But Resource Planning can be risky business. Increasing the size of your sales force increases costs, but also allows for greater coverage of customers, which results in more sales and increased revenue. On the flip side, reducing the size of your sales force lowers your cost but impacts customer coverage. The net result is a potential drop in sales. So how do you determine the right amount of coverage needed to match selling capacity (measured in available selling hours) with market demand?
Our research shows that most of your peers “swag” it, focusing entirely on the cost/affordability side of the equation while ignoring market potential. I covered some of these cost-only approaches in a previous blog, but here are a few of them:
- If the Sales Force size worked last year, avoid disruption and keep it the same this year. Markets are dynamic and the sales force should be sized to meet potential. Assessing market potential and the corresponding sales force size should be done annually.

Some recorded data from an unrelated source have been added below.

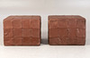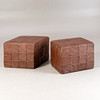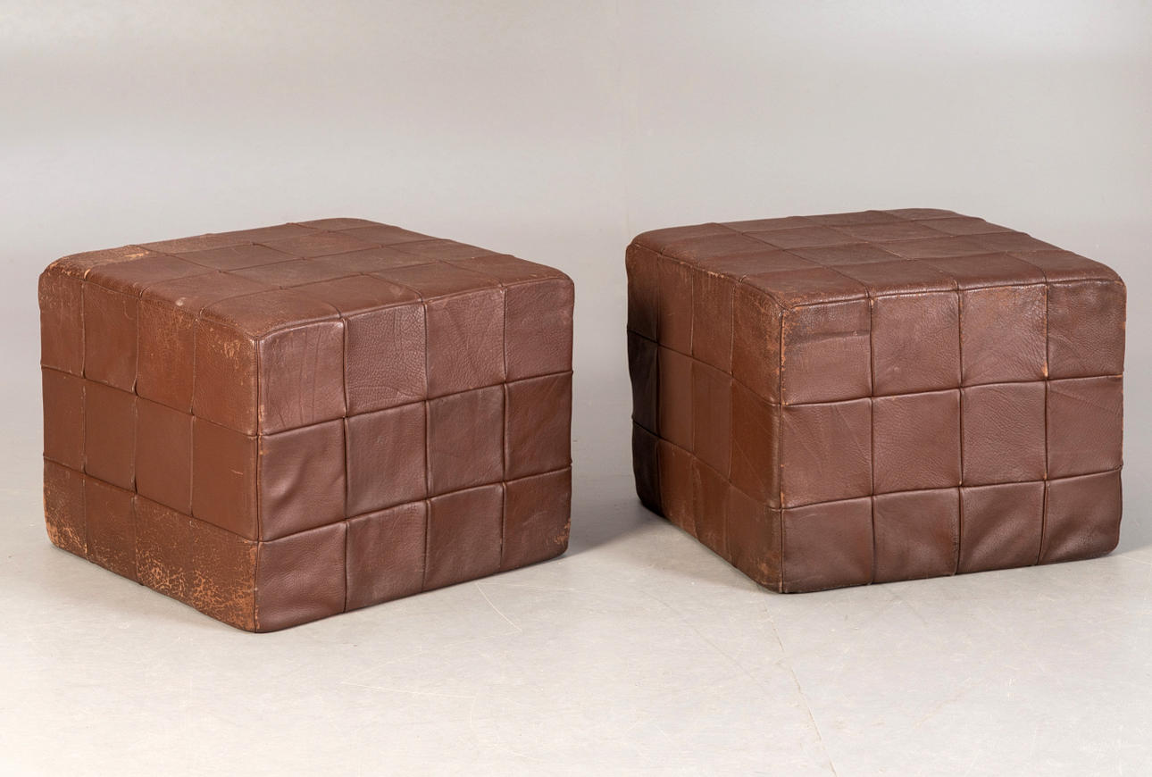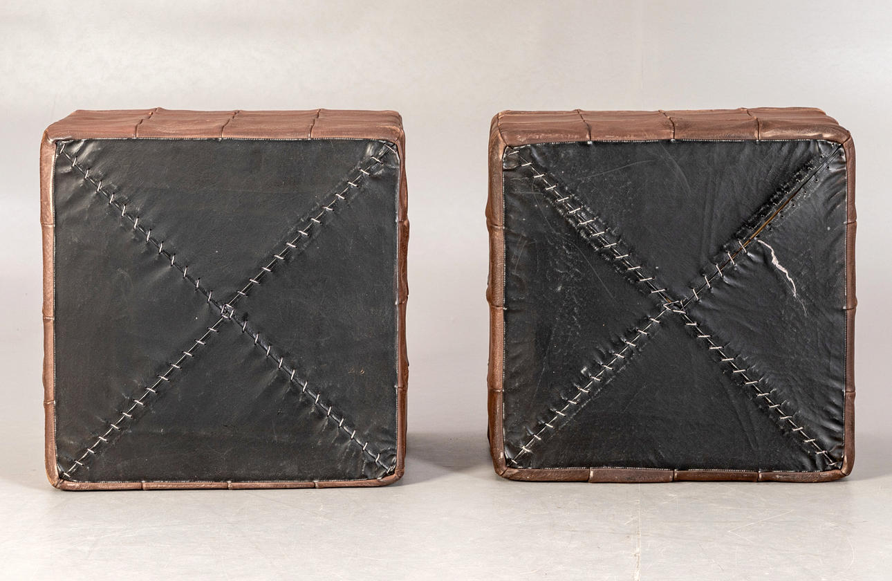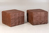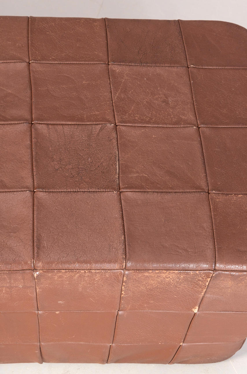 Kubformad lapptäcke pall i mörkbrunt läder, HxBxD: ca. 40x52x53 cm.
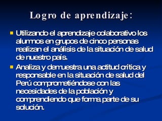 El documento presenta información sobre un análisis de la situación de salud en Perú realizado por estudiantes. Aborda factores demográficos, socioeconómicos y de oferta de servicios de salud que afectan la morbilidad y mortalidad en el país. Los estudiantes deben elaborar un cuadro sinóptico identificando los principales problemas de salud en Perú.
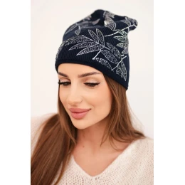 Stylová dámská čepice s jemným leskem, vyrobená z vysoce kvalitní pleteniny s přídavkem mohairu a vlny. Zlatý, rostlinný vzor přitahuje pozornost a dodává eleganci, díky čemuž je čepice ideální jak na každodenní nošení, tak jako módní akcent k zimním stylizacím.
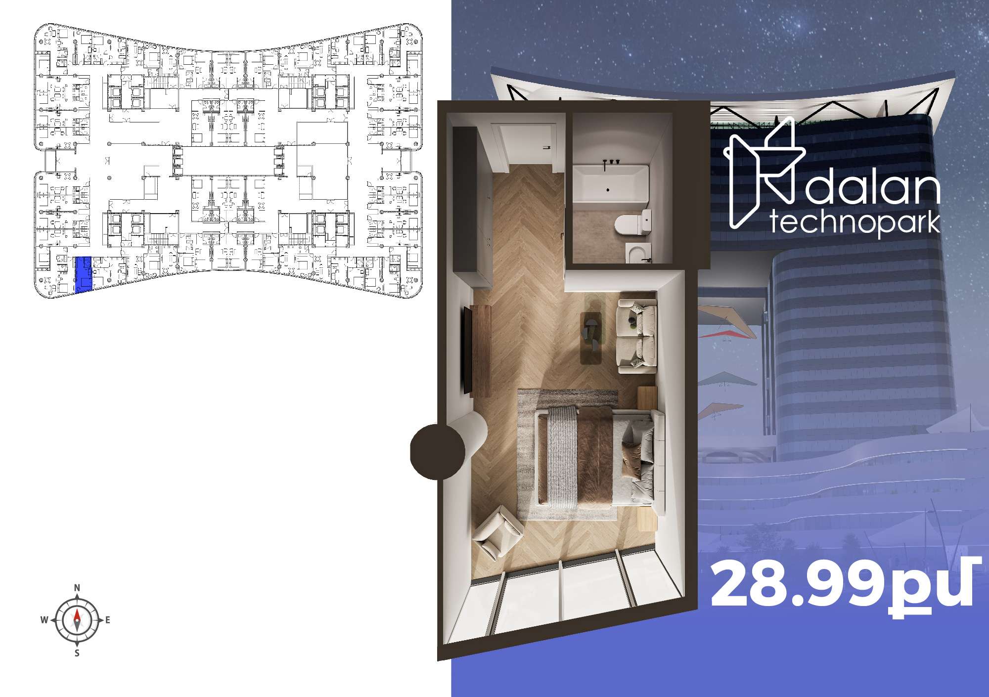 1 մ-շ | 1 մուտք | 14 հարկ | 29 քմ | 1 սենյակ
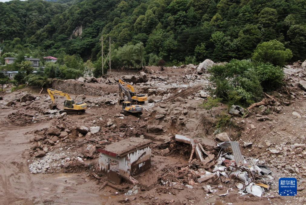 这是8月12日拍摄的西安市长安区滦镇街道喂子坪村鸡窝子组山洪泥石流灾害现场(无人机照片)。
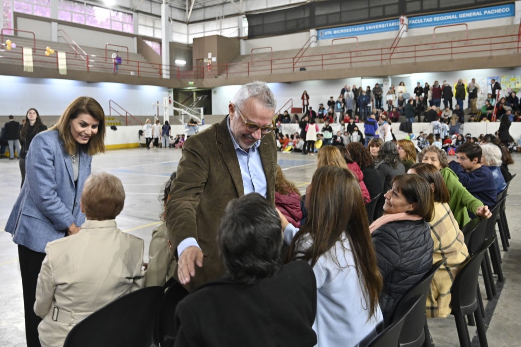 El intendente presenció el encuentro en el microestadio de la UTN, que contó con obras musicales realizadas por los estudiantes y desfiles de antiguos miembros de la comunidad educativa. El jefe comunal recordó a Rosa María Casariego y Alfonsina Juana Burga Bevilacqua, docentes desaparecidas en la última dictadura y, además, ratificó el compromiso del Municipio con la educación pública
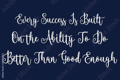 © Pleasant Mode, Obraz premium Every Success Is Built On the Ability To Do Better Than Good Enough Cursive Calligraphy White Color Text On Dork Grey Background
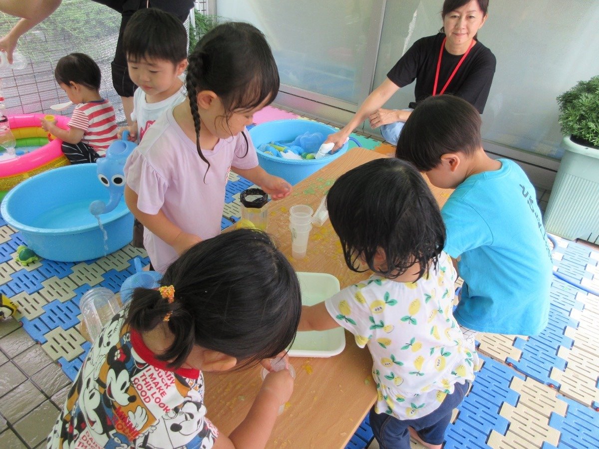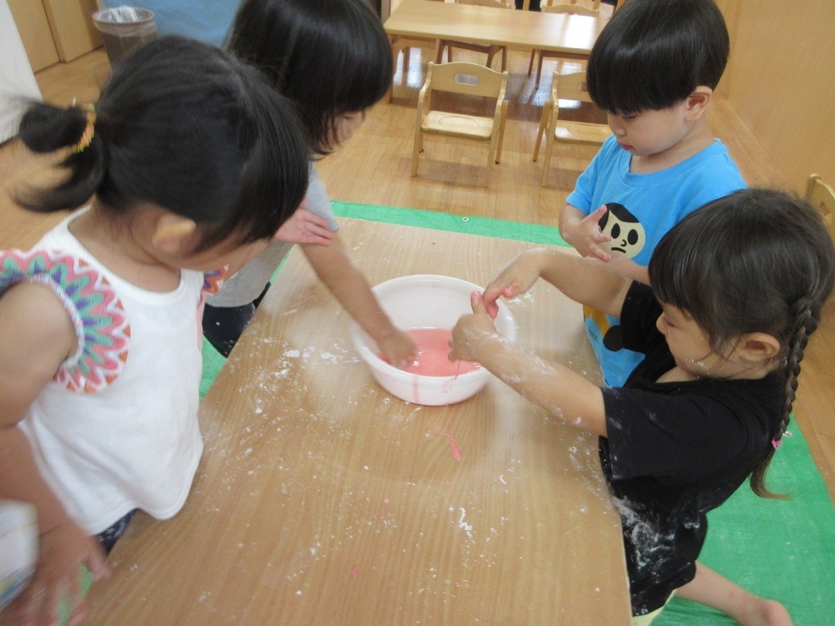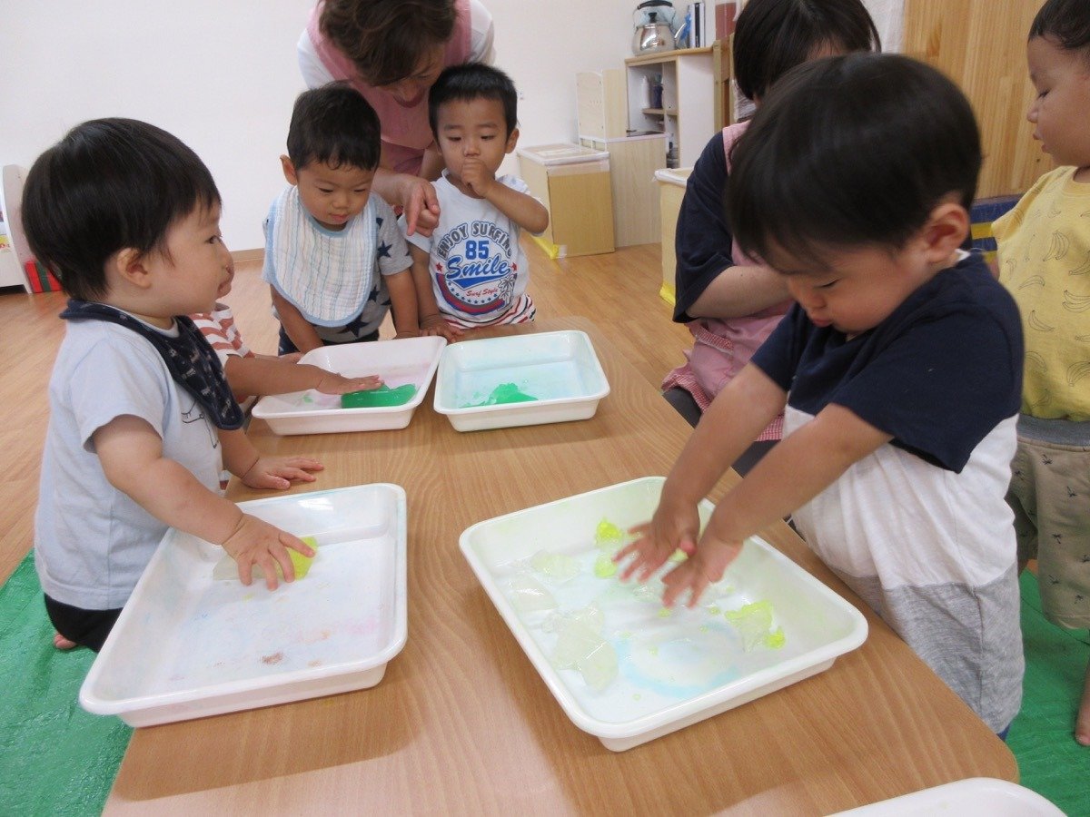 きれいな色が混ざっていきました。「つめたーい」と言いながら

- Maintain a sales force size that keeps costs at a constant percentage of sales. Industry average cost-to-sales ratio within your space is a good baseline. But artificially trying to stay at the average may not be the best approach. Companies looking to capture market share should look at strategically increasing headcount rather than cutting or adding reps to maintain a ratio.

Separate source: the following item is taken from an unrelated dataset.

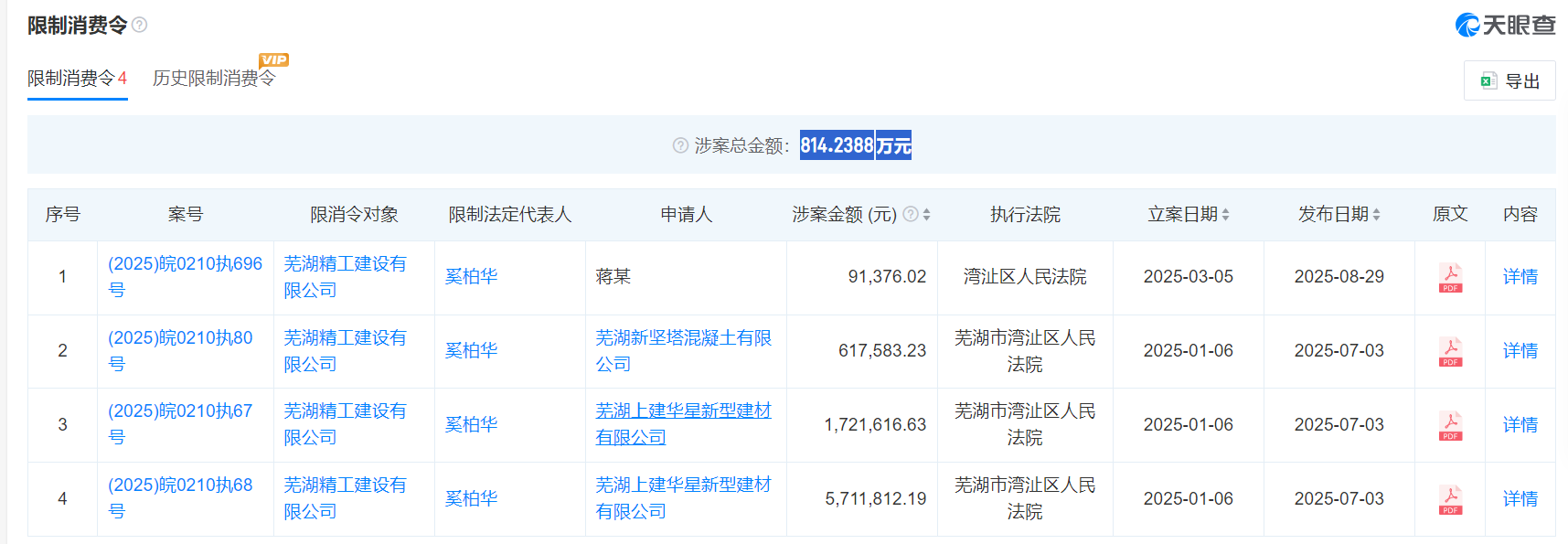 此外,该公司及法定代表人还存在多条限制消费令信息,涉案总金额814.2388万元。
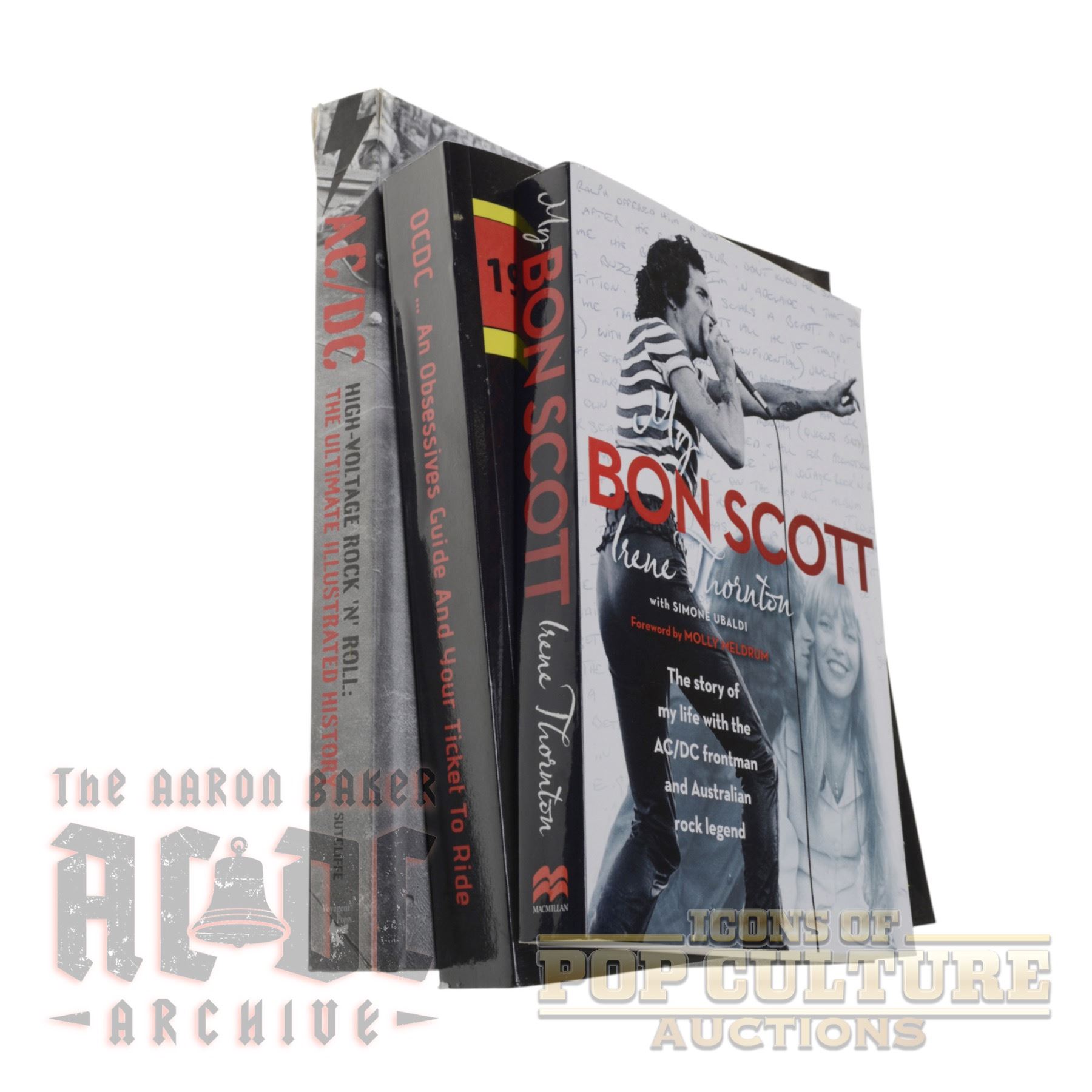 Offered here is a set of three books dedicated to the legacy of AC/DC. Included is AC/DC: High-Voltage Rock ’N’ Roll – The Ultimate Illustrated History by Phil Sutcliffe, a comprehensive and richly illustrated chronicle of the band’s career. Also included is OCDC: An Obsessive’s Guide and Your Ticket to Ride 1974–1996, a limited-edition fan guide packed with details from across the group’s history. Completing the collection is My Bon Scott by Irene Thornton, a personal biography recounting the life of AC/DC’s legendary frontman through the eyes of his former partner. Together, these volumes offer fans and collectors an in-depth look at the music, personalities, and enduring influence of one of rock’s most iconic bands.

- Add headcount when the sales force generates enough sales to afford the increase. This very conservative, risk-averse strategy ignores revenue potential and often misses out on considerable opportunities. Most companies that take this approach undersize their sales force.

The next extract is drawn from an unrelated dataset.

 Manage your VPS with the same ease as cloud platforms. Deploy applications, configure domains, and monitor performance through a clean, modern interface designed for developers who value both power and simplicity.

In the end, cost-only approaches view the sales force as a cost item that needs to be justified by sales rather than an investment that drives revenue.
So how does a sales leader deploy resources in a way that accounts for market potential? There are four market-based methodologies that can be used to right size the sales force. Let’s look at one – The Pipeline Method.
The Pipeline Method addresses the amount of rep activity needed to cover different market segments. It leverages the sales process to determine coverage needs. By tracking sales force effort and results through the company’s entire sales process, this method accounts for:
- Number of net new target accounts
- Quantity of leads entering the pipeline
- Stages of the Sales Process
- Sales force effort required at each stage
- Conversion rate at each stage
Based on these five inputs, the model calculates the number of reps needed to effectively execute the sales process.